The case illustrates a number of significant points:

  • Even companies that are incorporated outside the United States and are not “issuers” can be considered “domestic concerns” subject to the FCPA, if they locate their headquarters in the United States. Paradigm gradually relocated its principal place of operations over several years and was eventually deemed a “domestic concern” as the balance of its operations became US-based.
  • While numerous recent FCPA cases have arisen out of facts discovered during due diligence related to a merger or acquisition, this is the first reported case in which violations were discovered during due diligence in connection with an IPO. This suggests that companies engaged in many kinds of strategic transactions should be alert to FCPA issues in the due diligence process and should train their diligence teams to spot FCPA concerns.
  • The case reflects once again the credit that companies can expect to receive from voluntary disclosure and cooperation. Paradigm paid a relatively small fine in comparative FCPA terms, was subjected to an 18-month rather than a three-year deferral period, and was permitted to enter into a letter agreement rather than a filed Information setting forth potential charges. In addition, Paradigm was not required to engage an independent compliance monitor but was instead permitted to engage its own outside counsel to assess its compliance program and recommend enhancements.
  • The Statement of Facts notes as problematic travel and entertainment expenses that included per diems, cash payments for shopping, dinners, drinks, and one trip to Napa Valley. This suggests that the DOJ remains concerned about what, in its view, constitutes lavish travel and entertainment of government officials.

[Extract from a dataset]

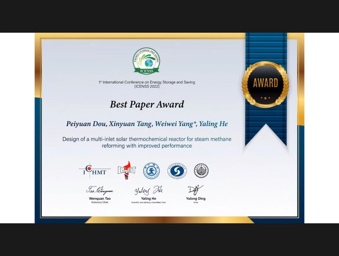 [2] P.Y. Dou, X.Y..Tang, W.W. Yang*, Y.L. He, Design of a multi-inlet solar thermochemical reactor for steam methane reforming with improved performance. 2022, 1st International Conference of Energy Storage and Saving, Xi'an, China.

FCPA Charges in SDNY Reinstated

On May 12, 2006, a federal grand jury indicted Viktor Kozeny, Fredric Bourke and David Pinkerton on charges of conspiring to bribe senior government officials in the Republic of Azerbaijan in order to profit from the privatization of the State Oil Company of the Azerbaijan Republic (SOCAR).[iii] On June 21, 2007, Judge Shira Scheindlin of the Southern District of New York dismissed, on statute of limitations grounds, 11 out of 12 charges against Bourke, and six out of seven charges against Pinkerton, including all FCPA charges in the indictment.[iv] After a request for reconsideration by the government, the court, on July 16, 2007, reinstated three of the eleven counts it previously dismissed, concluding that they were not time barred. The court did not alter its reading of the statute of limitations, but agreed that the counts alleged conduct that occurred within the limitations period.

WilmerHale lawyers regularly speak on legal developments under the Foreign Corrupt Practices Act and related enforcement issues. Below is a listing of upcoming topics and events:

Roger Witten, Partner

  • November 9, 2007: New York City Bar Program on the FCPA
  • November 13-14, 2007: ACI Conference, Alexandria, Virginia

Kimberly Parker, Partner

  • January 24-25, 2008: ACI Conference, FCPA Boot Camp, Houston, Texas

[i] 15 U.S.C. §§ 78dd-1 to -3.

[ii] Id. § 78m(b).

[iii] See August 2007 FCPA Briefing Series.

[iv] While the indictment charged Bourke, Pinkerton, and Kozeny, the charges against Kozeny were not dismissed as the United States is attempting to extradite him from the Bahamas (Kozeny argues that he is not subject to the US antibribery laws and thus cannot be extradited).